I have had the good fortune to work with most of the facility assessment companies in the due diligence industry over the past three decades and to have learned from many Experts who were very successful in their field.  In many cases they were Experts with a capital “E”, believing that theirs was the ONLY way to do things.

Unfortunately, they have also provided some of the worst advice I’ve received through the years from both within and outside of the due diligence industry.

Here’s some advice that comes to mind:

“The only way to win contracts with big cities is to know people on the inside.” – From a successful client manager / salesperson whose specialty was municipal contracts.

I believed this one for decades until we proposed on and were awarded a large contract with the City of Los Angeles in 2011.

“The client gave us an impossible deadline.  We’re going to be late and there’s nothing we can do.” – From one of my bosses along the way that wasn’t willing to stay up all night and complete the project by the deadline.

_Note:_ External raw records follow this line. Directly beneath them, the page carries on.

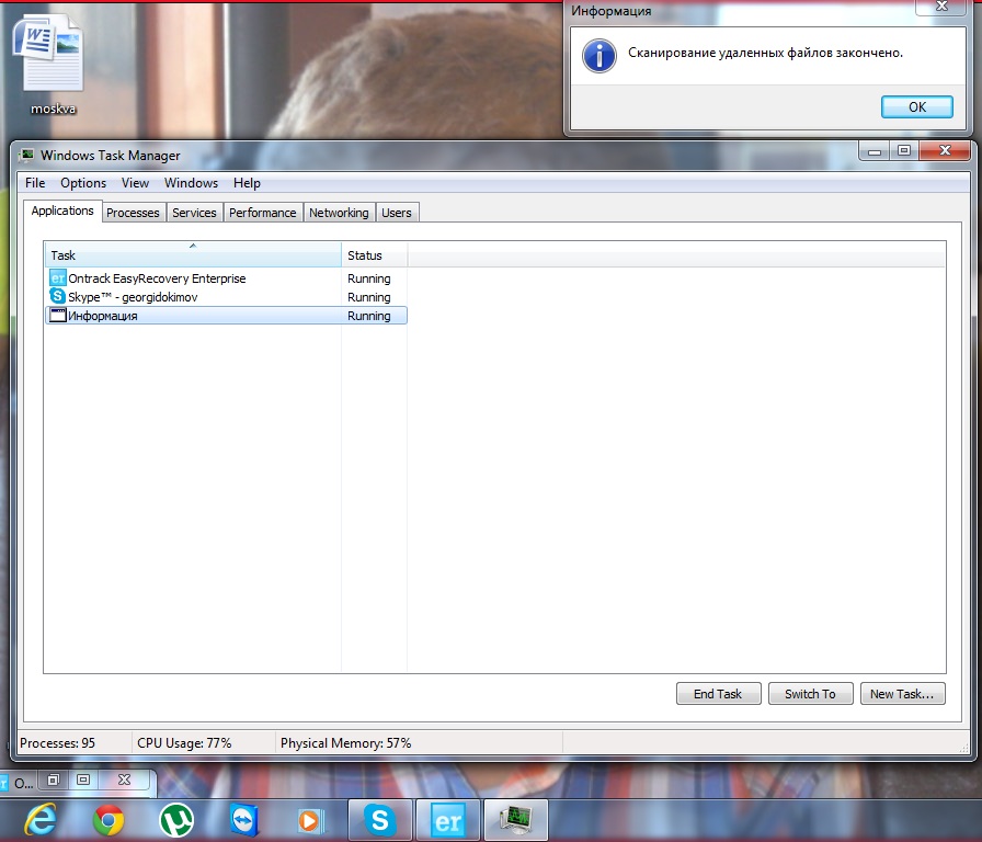 2. Осуществлен запуск полного сканирования. По завершении (примерно через 20 часов) если в диалоге "Сканирование удалённых файлов завершено" нажать на кнопку OK, диалог пропадает, но обнаружить главное окно программы не удаётся (например переключением Alt-Tab) и, соответственно, не удаётся сохранить полученные результаты (данные)
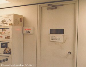 The door leading into "8A". It had a window so that, hopefully, visitors would look in before just opening the door and going in. The sign below it indicated this. The door was very heavy. You had to give it a good push to get through and when it closed it felt like you were being "sealed in". The idea, of course, was to eliminate outside noise inside the studio. There was a special "smell" to the place and an energy you could feel as you entered. There was always the sound of music or somthing else going on. It was never boring. |
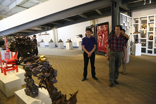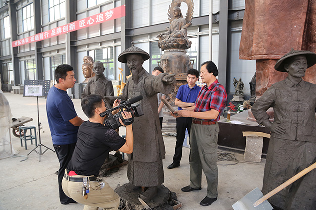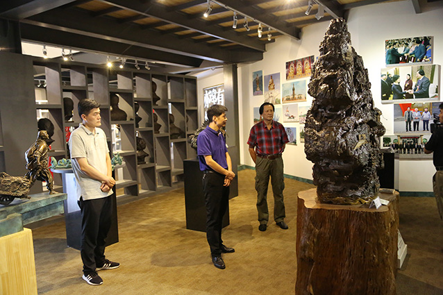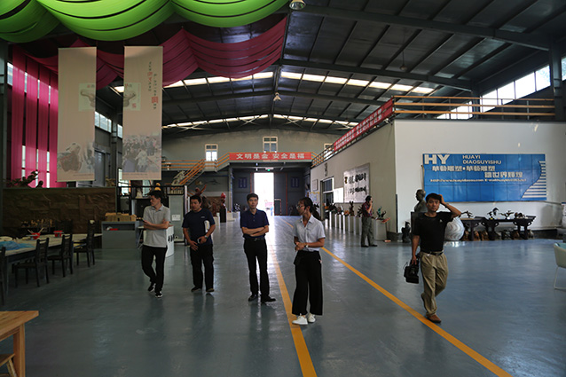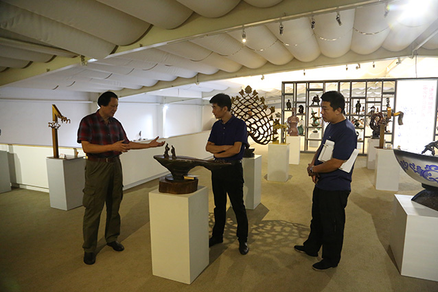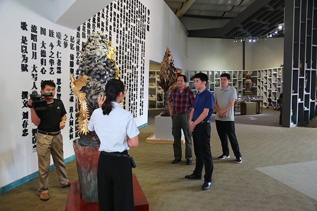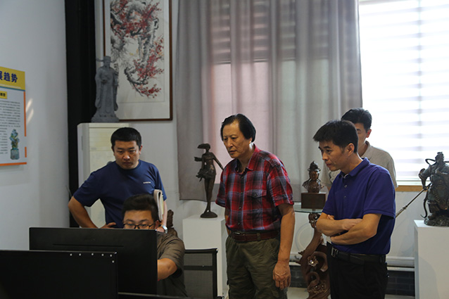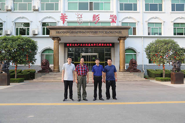 2019年9月6日,邹平魏桥集团张处长一行来华艺安博买球考察,洽谈合作张士平雕像事宜,傅绍相向客人介绍安博买球艺术

Not surprisingly, he lost the client’s account soon afterwards… I learned what not to do and we have never missed a deadline in our company.

“You will never sell any of these.”  – From a successful salesperson advising us on our inflatable Christmas decoration idea.

We ended up selling out on eBay and, next thing you know, we’re seeing inflatable decorations on front lawns throughout the country.

“Your eyes will never get better; they will only get worse.” – From my well-meaning optometrist while I was in 7th grade.

Next thing I knew there was Lasik surgery and after 30 years I could throw away my glasses and contacts.

“You’ll never make that much money in your own company.” – From the founder of a successful consulting firm trying to dissuade me from starting my own company.

While there are certainly more expenses in one’s own company, I’ve come to believe the sky is the limit in terms of financial rewards for entrepreneurs, not to mention the satisfaction and happiness that comes from being your own boss.

When I was younger I used to listen and believe each of the experts I worked alongside.  And I did learn quite a bit from each of them.  Now, when I hear an expert definitively state what they know to be the ABSOLUTE TRUTH of how things work or how to do things or what the future holds, I’m automatically skeptical.  I listen and see what there is to gain from the advice, but I don’t automatically believe it like I once did.

The challenge with Experts is that frequently the more successful they are, the more they believe theirs is the only way to do things or to look at an issue.

In our company we are experts in what we do, but I think we are a different kind.  We realize there are many ways to approach any given situation, many approaches to any given project and many ways to accomplish various goals.  If anything we are experts in looking at each project newly and determining the best way to serve the needs of our client given the unique circumstances and parameters of that particular project.  That includes the correct project process, data gathering, staffing, and product delivery.  We are experts, but with a small “e”.